What you have to do
Below are lines of data; restate word for word those running from the line containing "答: 我公司主要從事仿真平臺" to the line containing "即便沒有來自美國勞工統計局(BLS)的重", inclusive, and no others.

Records provided

#####

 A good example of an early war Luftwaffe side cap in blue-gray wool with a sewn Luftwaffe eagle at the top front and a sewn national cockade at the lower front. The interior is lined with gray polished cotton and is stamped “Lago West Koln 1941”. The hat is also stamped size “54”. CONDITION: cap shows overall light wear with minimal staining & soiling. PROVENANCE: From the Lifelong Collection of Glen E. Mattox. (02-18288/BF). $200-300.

#####

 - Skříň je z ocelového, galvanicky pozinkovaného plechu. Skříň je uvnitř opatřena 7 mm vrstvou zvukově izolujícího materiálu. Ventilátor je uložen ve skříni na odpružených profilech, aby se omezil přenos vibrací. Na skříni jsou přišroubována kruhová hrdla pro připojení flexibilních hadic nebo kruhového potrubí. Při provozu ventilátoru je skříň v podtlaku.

#####

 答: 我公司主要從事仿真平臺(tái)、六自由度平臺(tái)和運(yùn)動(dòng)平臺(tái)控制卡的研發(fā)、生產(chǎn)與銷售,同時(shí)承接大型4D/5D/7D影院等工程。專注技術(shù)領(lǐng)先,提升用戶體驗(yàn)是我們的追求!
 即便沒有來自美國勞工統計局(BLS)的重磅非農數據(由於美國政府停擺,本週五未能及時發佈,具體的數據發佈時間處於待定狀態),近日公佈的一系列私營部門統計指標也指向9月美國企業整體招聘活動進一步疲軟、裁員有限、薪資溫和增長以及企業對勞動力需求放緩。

#####

Response area
 答: 我公司主要從事仿真平臺(tái)、六自由度平臺(tái)和運(yùn)動(dòng)平臺(tái)控制卡的研發(fā)、生產(chǎn)與銷售,同時(shí)承接大型4D/5D/7D影院等工程。專注技術(shù)領(lǐng)先,提升用戶體驗(yàn)是我們的追求!
 即便沒有來自美國勞工統計局(BLS)的重磅非農數據(由於美國政府停擺,本週五未能及時發佈,具體的數據發佈時間處於待定狀態),近日公佈的一系列私營部門統計指標也指向9月美國企業整體招聘活動進一步疲軟、裁員有限、薪資溫和增長以及企業對勞動力需求放緩。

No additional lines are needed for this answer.